EXERCISE PROMPT → When you write out the listing, keep every character and omit the pictures.

DATA UNDER STUDY →
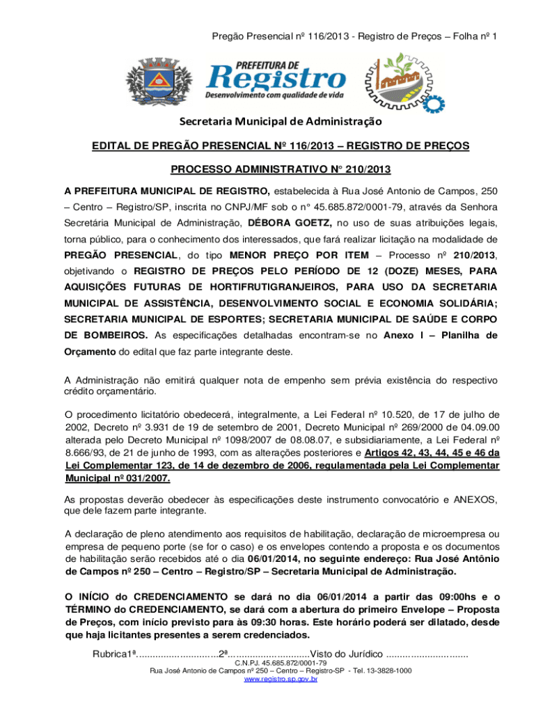 Obtenha o gratuito objetivando o REGISTRO DE PREOS PELO PERODO DE 12 (DOZE) MESES, PARA - registr...
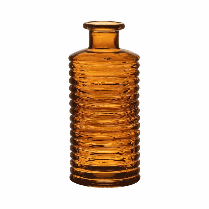 Dekorativní skleněná láhev STUART s drážkami, oranžovo-hnědo-čirá, 21,5cm, Ø9,5cm
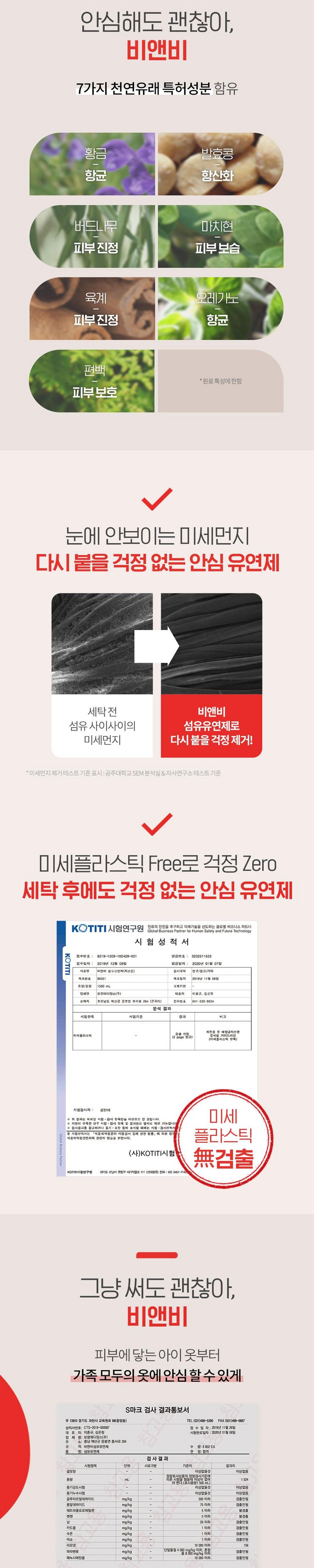 | 제조연월 및 유통기한 (유통기한의 경우 해당 없는 제품은 생략 가능) | 50 ~ 3000 mL | 중량∙용량∙매수∙크기 | 1.옷감의 부드러움 2.정전기방지 3.냄새제거 및 탈취 4.항균,살균효과 5.주름방지 및 색상 보호 |
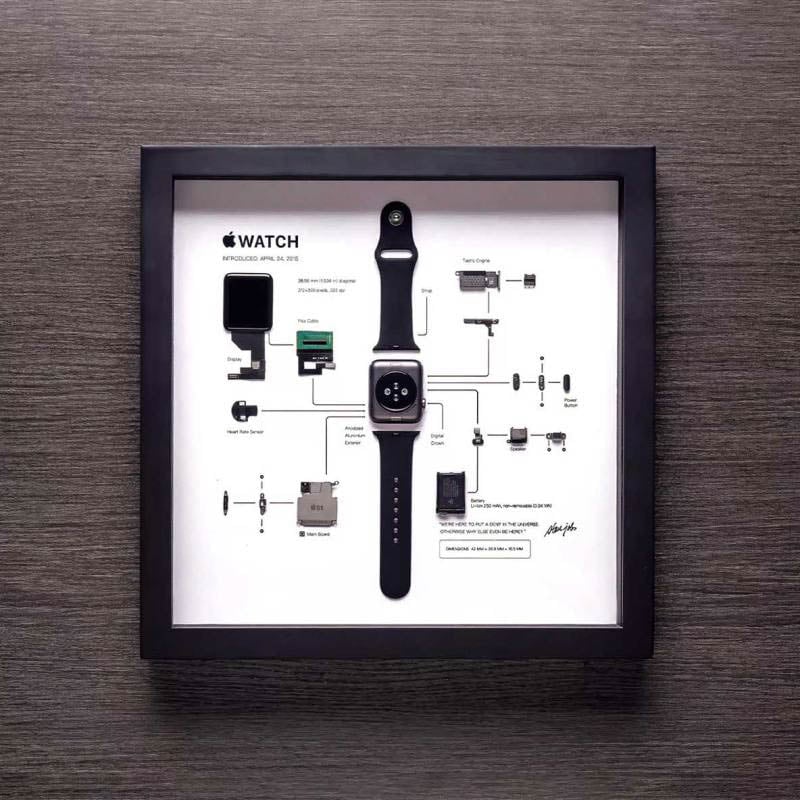 iPhoneシリーズは4S?SE?7など、AppleWatchは第1世代、PSPは1000および2000が作品に。どの作品も黒いフレームに白の背景紙というシンプルな組み合わせでデバイスの存在感が引き立っています。
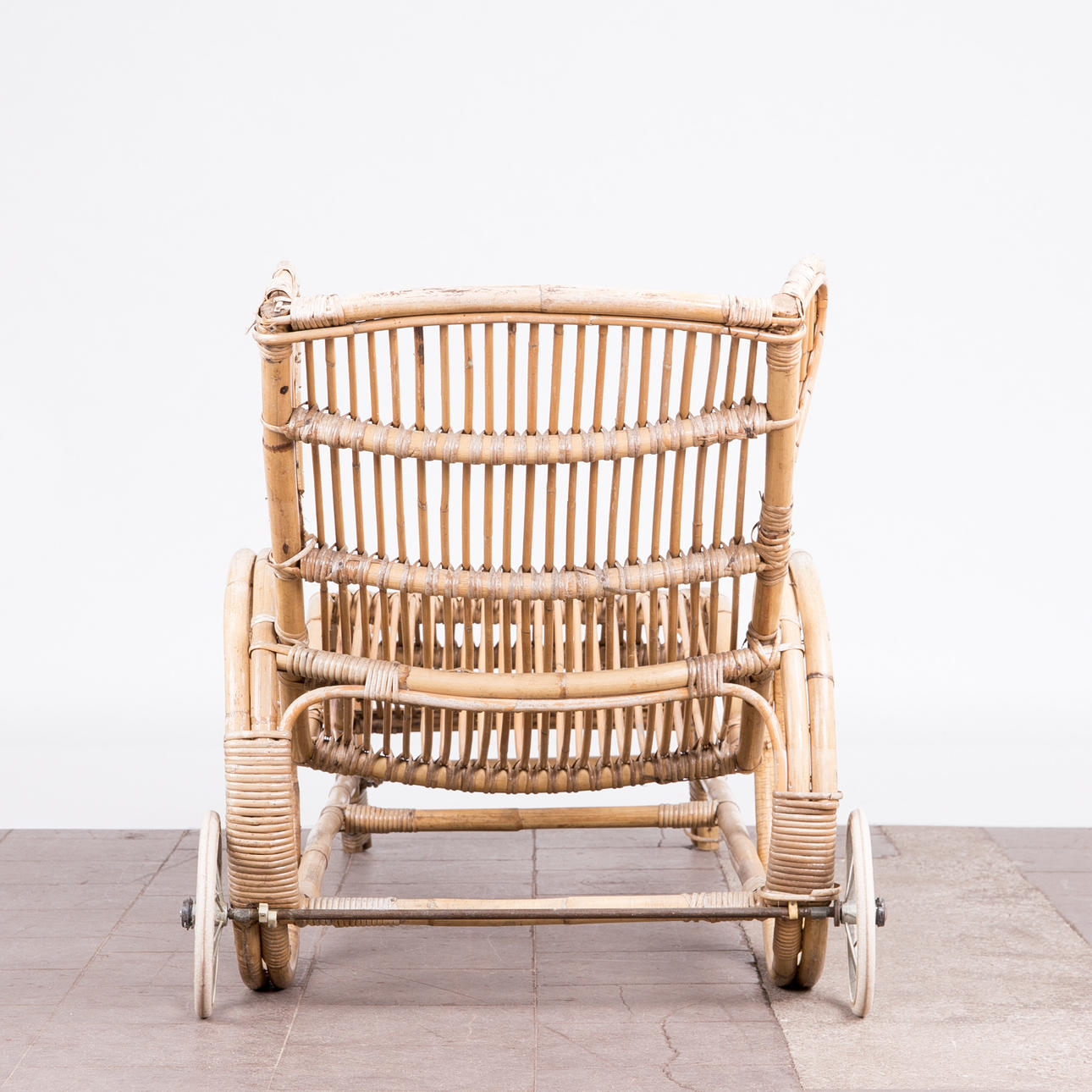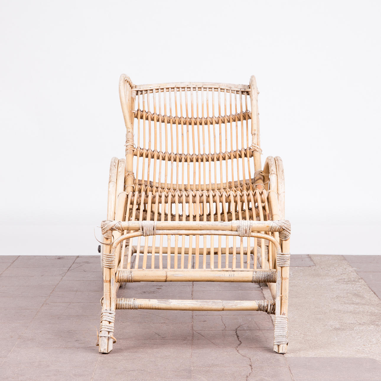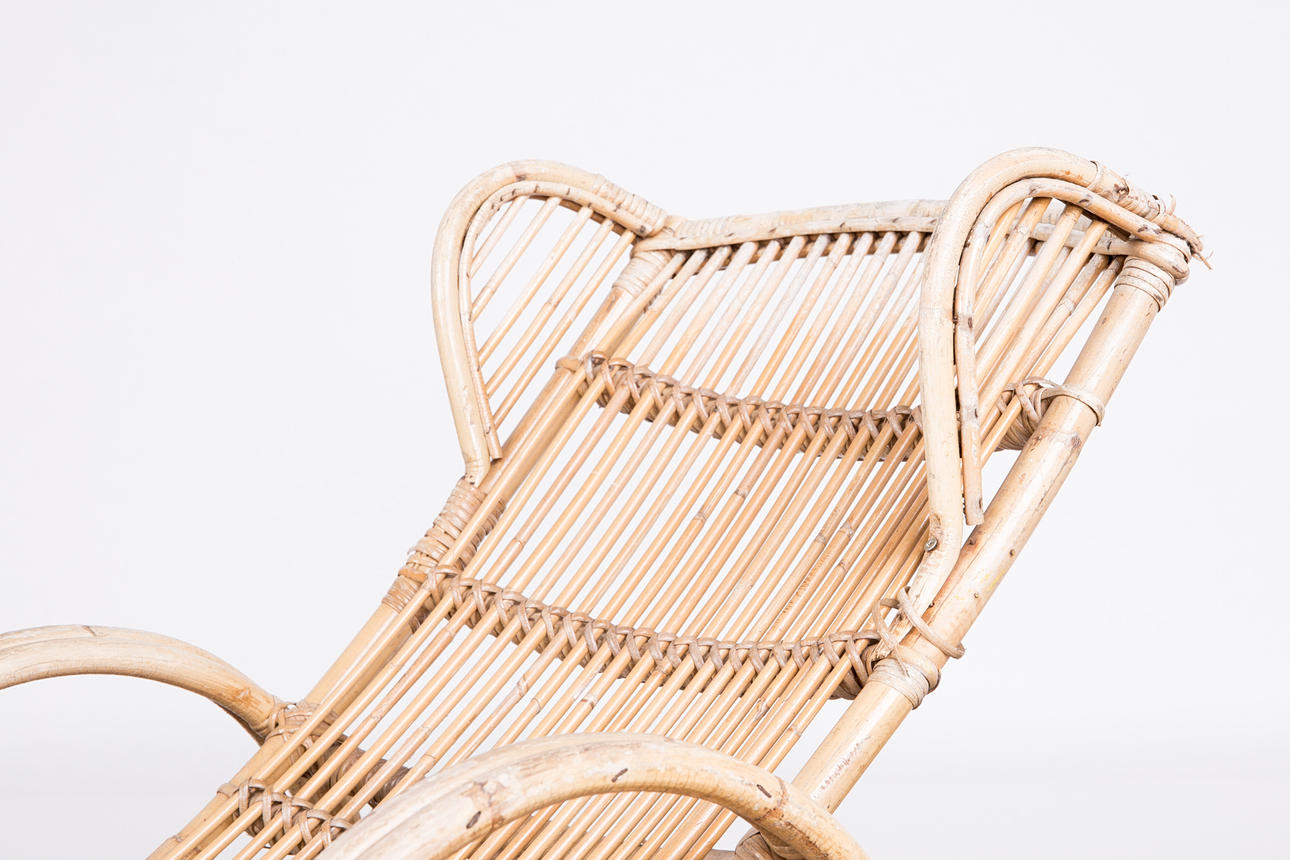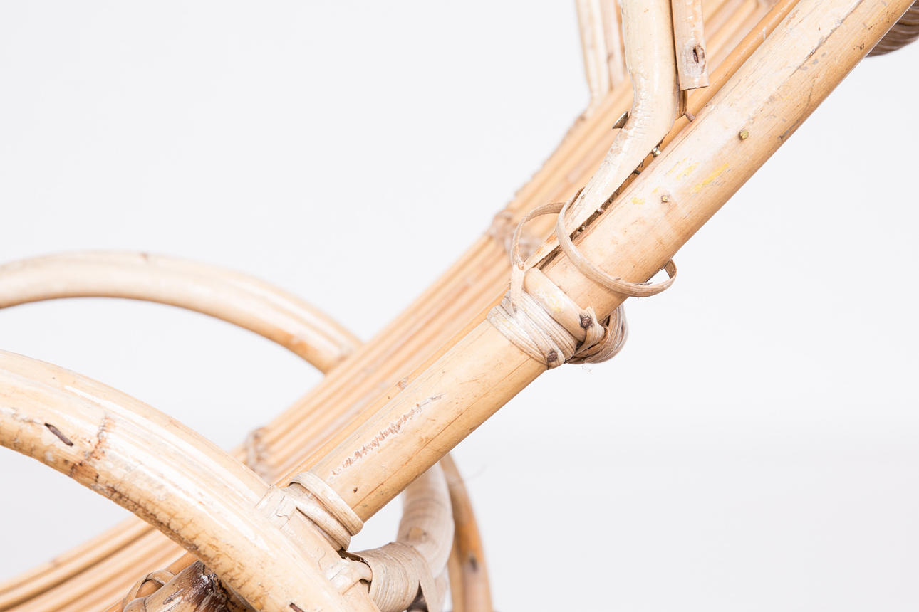 Tumbona, bambú, años 50. Construcción de bambú curvo con reposabrazos y dos ruedas de metal, H.80cm, L.170cm, W.63cm.
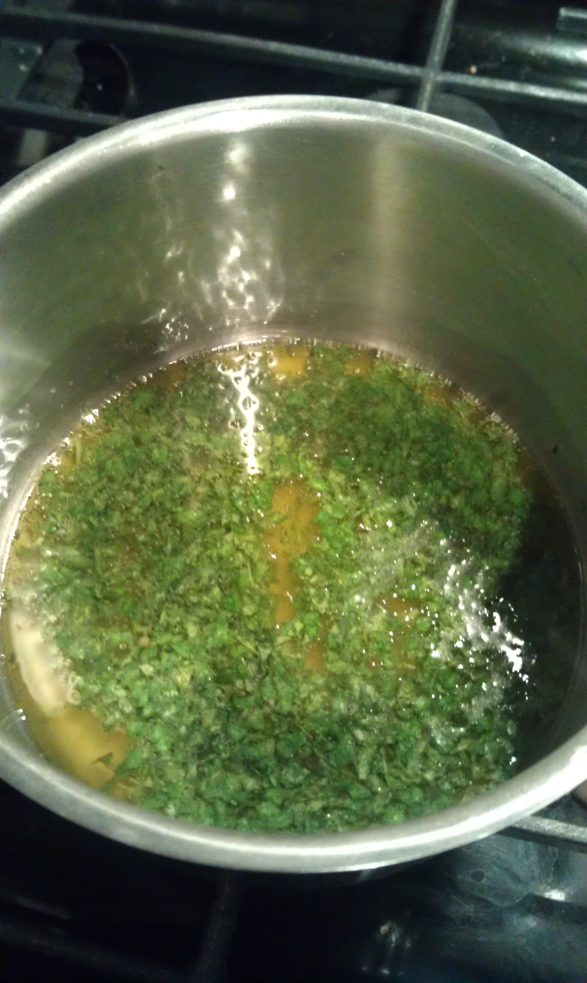 Heat the oil and basil mixture over medium heat for 4 minutes, then turn off heat and let cool for an hour.
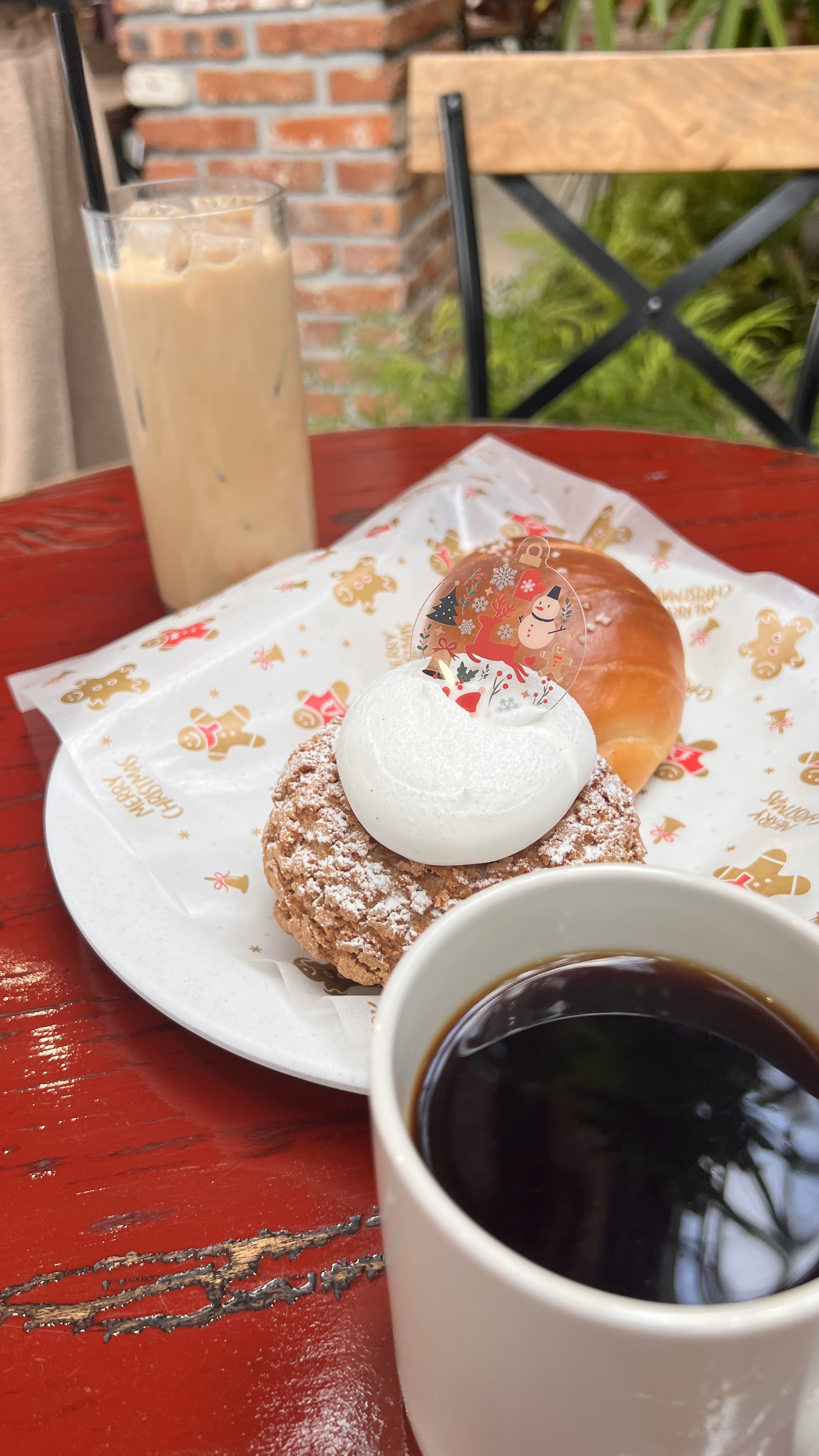이 와중에 저희가 먹은 건 소금빵과 소보로 생크림빵이었는데, 소금빵은 겉은 바게트처럼 짭조름한데 속은 촉촉하고 쫄깃해서 아메리카노랑 궁합이 잘맞았고, 소보로 생크림빵은 신선하고 부드러운 생크림이 듬뿍 올라가 있는데 과하게 달지 않고 깔끔해서 아이스 라떼랑 정말 맛있게 먹었습니다.
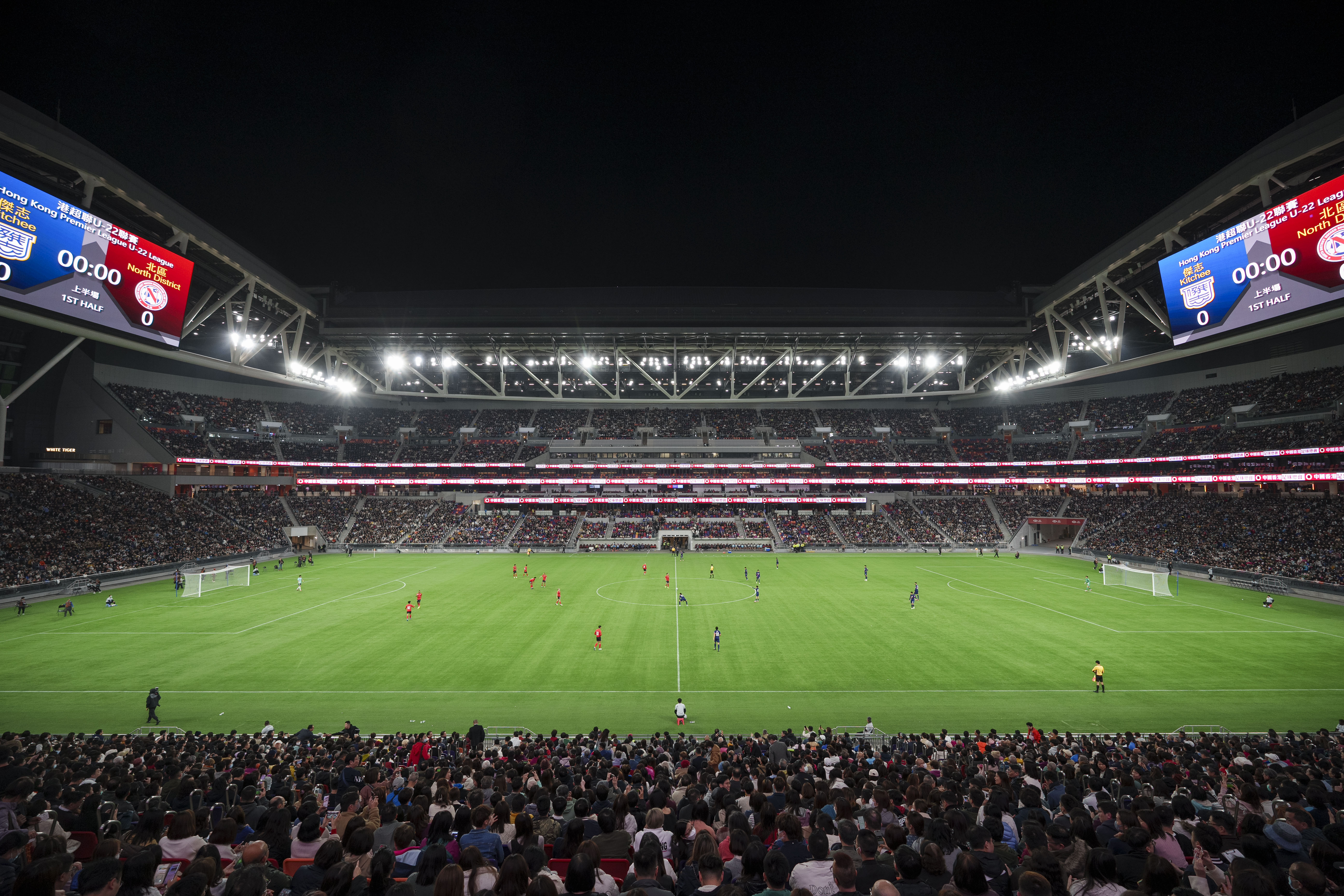 啟德體育園主場館今晚(2月4日)再次舉行大型演練,5萬名觀眾入場觀看香港超級聯賽U22聯賽「傑志對北區」的足球賽事,測試啟德主場館和周邊設施在觀眾人數達至上限時舉行運動賽事的運作情況,務求為體育園正式啓用作最好準備。

YOUR RESPONSE →
 Obtenha o gratuito objetivando o REGISTRO DE PREOS PELO PERODO DE 12 (DOZE) MESES, PARA - registr...
 Dekorativní skleněná láhev STUART s drážkami, oranžovo-hnědo-čirá, 21,5cm, Ø9,5cm
 | 제조연월 및 유통기한 (유통기한의 경우 해당 없는 제품은 생략 가능) | 50 ~ 3000 mL | 중량∙용량∙매수∙크기 | 1.옷감의 부드러움 2.정전기방지 3.냄새제거 및 탈취 4.항균,살균효과 5.주름방지 및 색상 보호 |
 iPhoneシリーズは4S?SE?7など、AppleWatchは第1世代、PSPは1000および2000が作品に。どの作品も黒いフレームに白の背景紙というシンプルな組み合わせでデバイスの存在感が引き立っています。
 Tumbona, bambú, años 50. Construcción de bambú curvo con reposabrazos y dos ruedas de metal, H.80cm, L.170cm, W.63cm.
 Heat the oil and basil mixture over medium heat for 4 minutes, then turn off heat and let cool for an hour.
이 와중에 저희가 먹은 건 소금빵과 소보로 생크림빵이었는데, 소금빵은 겉은 바게트처럼 짭조름한데 속은 촉촉하고 쫄깃해서 아메리카노랑 궁합이 잘맞았고, 소보로 생크림빵은 신선하고 부드러운 생크림이 듬뿍 올라가 있는데 과하게 달지 않고 깔끔해서 아이스 라떼랑 정말 맛있게 먹었습니다.
 啟德體育園主場館今晚(2月4日)再次舉行大型演練,5萬名觀眾入場觀看香港超級聯賽U22聯賽「傑志對北區」的足球賽事,測試啟德主場館和周邊設施在觀眾人數達至上限時舉行運動賽事的運作情況,務求為體育園正式啓用作最好準備。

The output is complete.